## WHAT TO PRODUCE
In the answer, give the entries below exactly, from the first line through the line with "Stojalo za namestitev", with every picture omitted.

Top of SUPPLIED MATERIAL

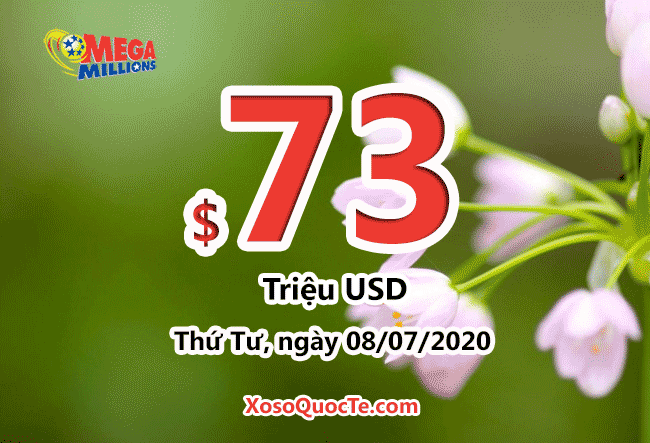 Mức thưởng của giải xổ số tự chọn Mega Millions nổi tiếng thế giới sau ngày 04/07/2020 tiếp tục tăng lên $73 triệu USD. Phiên quay thưởng này ghi nhận có 1 giải triệu đô-la.
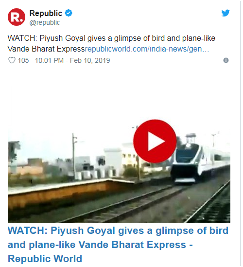 印度“共和国电视”(Republic TV )也报道了这个值得纪念的事情,“戈亚尔让我们一睹如飞鸟和飞机般的Vande Bharat Express”。
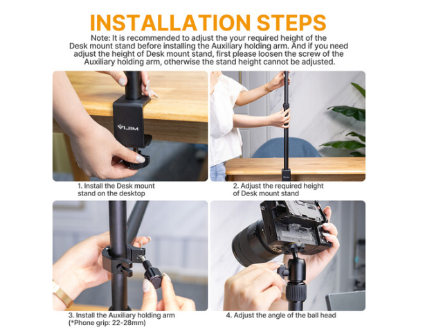 Stojalo za namestitev kamere na mizo VIJIM LS02 s pomožnim nosilnim rokom je profesionalni sistem za namestitev na mizo, zasnovan za ustvarjalce, ki v svojem delovnem prostoru potrebujejo prilagodljivost in učinkovitost. Ta sistem, ki je kot nalašč za vodiče za ličenje, videe o odpiranju izdelkov, neposredne prenose in tehnične predstavitve, vašo mizo spremeni v popolnoma funkcionalno postajo za ustvarjanje vsebin.
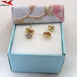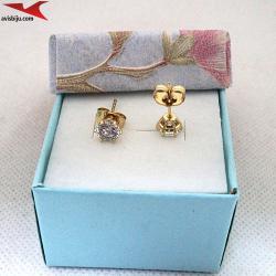 http: //www. avisbiju. com/ 2141861 Цена: €3.50 / 6.85лв. Обеци със златно покритие: • Продукт: обеци • Състояние: ново • Материал: екологична мед 14К позлатено • Камъни: Synthetic CZ • Размер на обеците – 6*6 mm • Грамаж: 1.5гр. • Тип закопчаване: винт |
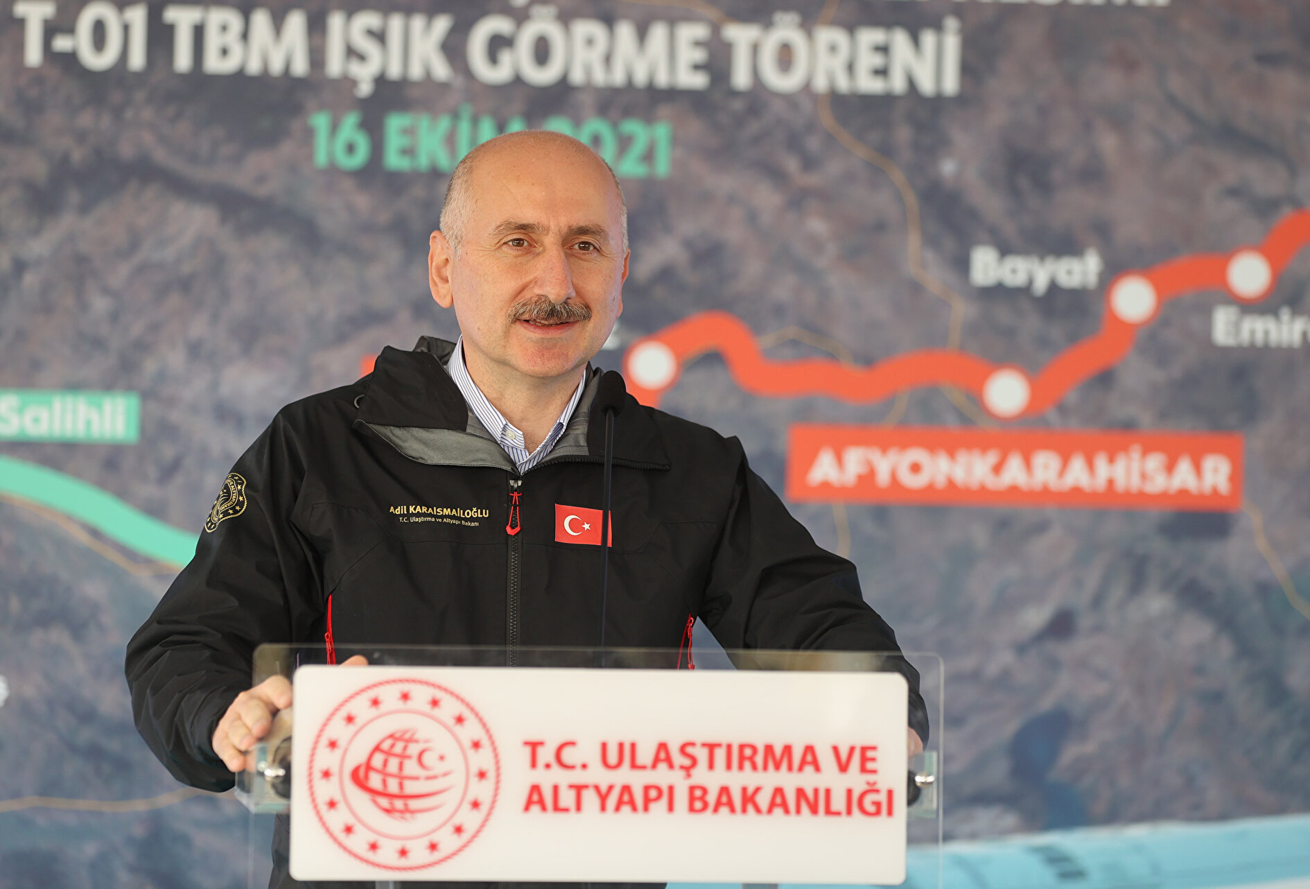 Ulaştırma ve Altyapı Bakanı Adil Karaismailoğlu, Ankara-İzmir Yüksek Hızlı Tren Projesi'nin Eşme-Salihli kesiminde yer alan ve Türkiye'nin TBM tekniğiyle yapılan en büyük çaplı tünelinin 206 gün gibi rekor bir sürede tamamlandığını belirtti. Karaismailoğlu "Buradaki T-1 tünelimiz, demiryolu ve güvenlik tünelinin tek kesitte iki katlı olarak inşa edildiği Türkiye'nin ilk tünelidir. Ayrıca Türkiye’de TBM tekniği ile yapılan en büyük çaplı tüneldir. Yani tünelimizin üst katında hızlı tren giderken alt katta ambulans ulaşımı da sağlanabilecek" ifadelerini kullandı.
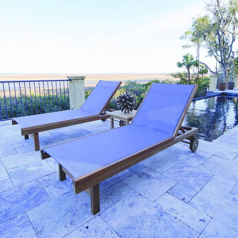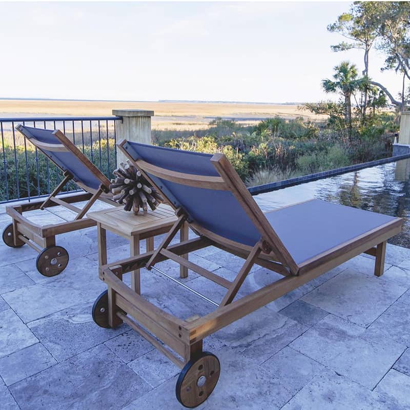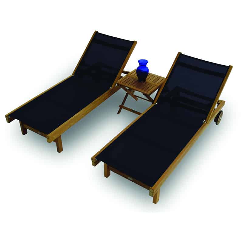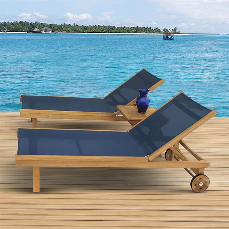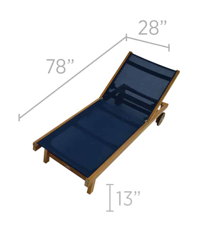 The Royal Teak Collection Sundaze Sling features adjustable backrest that reclines for maximum comfort and the two back casters provide mobility. The chair seats and backs are made with a high-quality black sling material that is quick-drying, making it perfect for use around beaches and pools. This vinyl-coated fabric can also sustain any type of climate without fading or deteriorating. This wood has been kiln-dried and machine made with mortise and tenon joints for a sturdy construction. A deep cushion with canvas fabric adds a comfortable seating option and is outdoor rated to withstand the elements. his inviting outdoor chaise lounge is the perfect spot for curling up with a book, relaxing with a drink or sunbathing. All Royal Teak Collection furniture is constructed of premium plantation-harvested teak. Teak is a very hard, dense wood that has a high oil content, which makes it naturally resistant to moisture, rot, shrinking, warping, splintering, insects and fungus. If left untreated, teak will naturally age to a beautiful silver-gray.
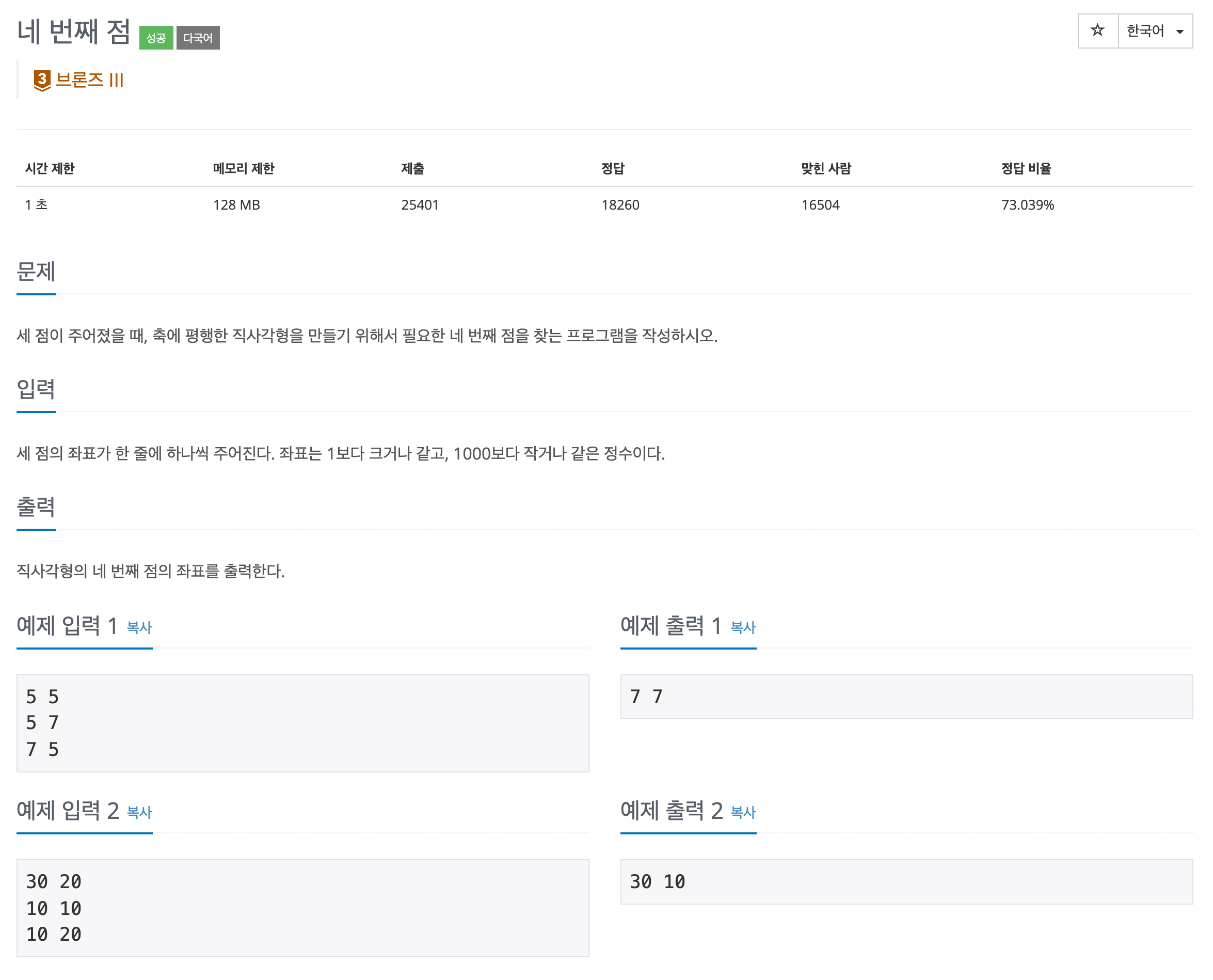 [Python] 백준 알고리즘 온라인 저지 3009번 : 네 번째 점 Python3 코드 x_nums = [] y_nums = [] for _ in range(3): x, y = map(int, input().split()) x_nums.append(x) y_nums.append(y) for i in range..

Bottom of SUPPLIED MATERIAL

## ANSWER SPACE
 Mức thưởng của giải xổ số tự chọn Mega Millions nổi tiếng thế giới sau ngày 04/07/2020 tiếp tục tăng lên $73 triệu USD. Phiên quay thưởng này ghi nhận có 1 giải triệu đô-la.
 印度“共和国电视”(Republic TV )也报道了这个值得纪念的事情,“戈亚尔让我们一睹如飞鸟和飞机般的Vande Bharat Express”。
 Stojalo za namestitev kamere na mizo VIJIM LS02 s pomožnim nosilnim rokom je profesionalni sistem za namestitev na mizo, zasnovan za ustvarjalce, ki v svojem delovnem prostoru potrebujejo prilagodljivost in učinkovitost. Ta sistem, ki je kot nalašč za vodiče za ličenje, videe o odpiranju izdelkov, neposredne prenose in tehnične predstavitve, vašo mizo spremeni v popolnoma funkcionalno postajo za ustvarjanje vsebin.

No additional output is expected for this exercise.